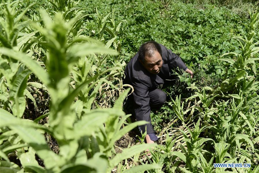 The 56-year-old teacher Hua Fulin, the only teacher of the small school in Kunlun Village, weeds in the school yard where he grows some vegetable plants, in Kunlun Village of Haidong City, northwest China's Qinghai Province, Sept. 8, 2016. About 50 kilometers away from the nearest county, the Kunlun small school now has only eight students and one teacher. (Xinhua/Zhang Hongxiang)
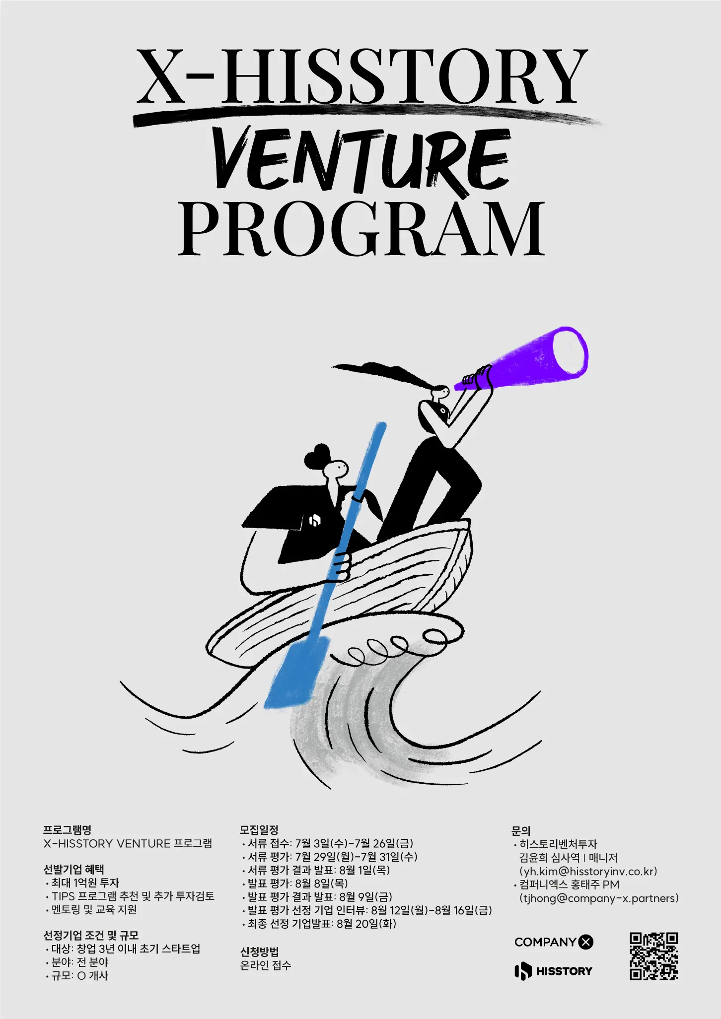 히스토리벤처투자와 컴퍼니엑스가 함께 유망한 스타트업을 발굴하고 투자하기 위해 ‘X-HISSTORY VENTURE PROGRAM’을 개최한다. 이번 배치 프로그램은 창업 3년 이내의 초기 스타트업을 대상으로 하며, 인큐베이팅과 멘토링, 최대 1억원의 투자와 TIPS 프로그램 추천을 통해 스타트업의 성장을 지원할 계획이다.
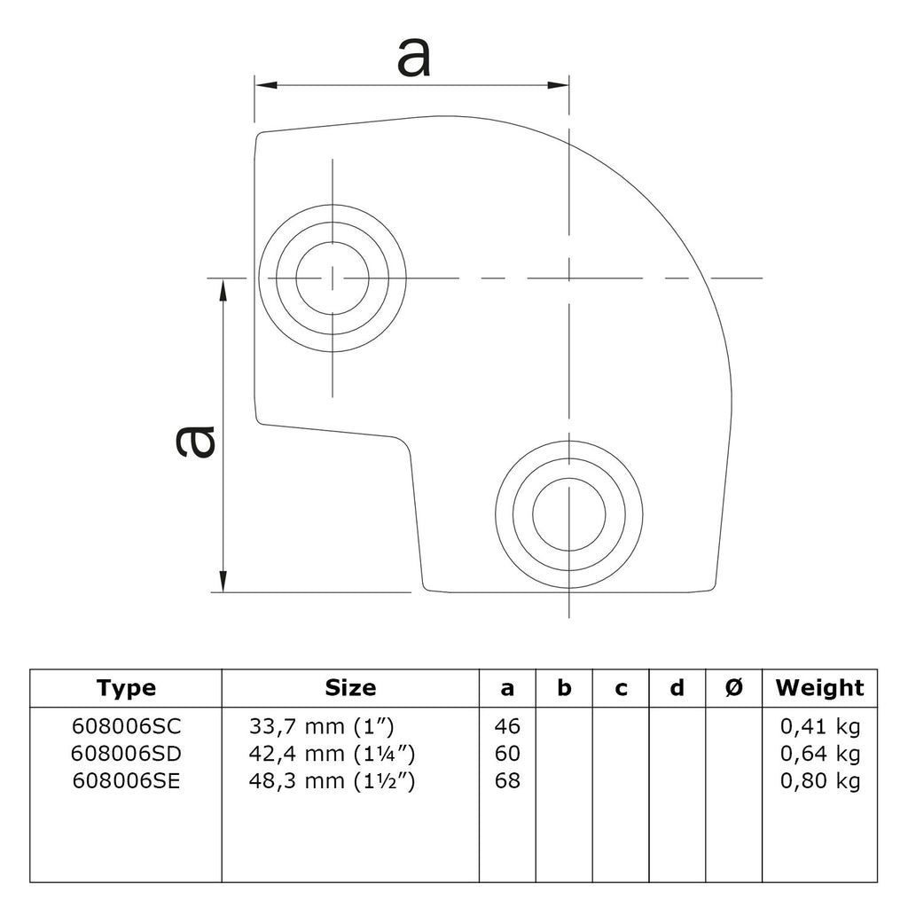 Kniestuk 2-weg 90º ±11º 48,3 mm

— WORK ITEM —
Each line from the one holding "히스토리벤처투자와 컴퍼니엑스가 함께" through the final line of the data needs to be transcribed exactly. Include both ends, skip the pictures, and add nothing.

— RESPONSE FOR THIS EXERCISE —
 히스토리벤처투자와 컴퍼니엑스가 함께 유망한 스타트업을 발굴하고 투자하기 위해 ‘X-HISSTORY VENTURE PROGRAM’을 개최한다. 이번 배치 프로그램은 창업 3년 이내의 초기 스타트업을 대상으로 하며, 인큐베이팅과 멘토링, 최대 1억원의 투자와 TIPS 프로그램 추천을 통해 스타트업의 성장을 지원할 계획이다.
 Kniestuk 2-weg 90º ±11º 48,3 mm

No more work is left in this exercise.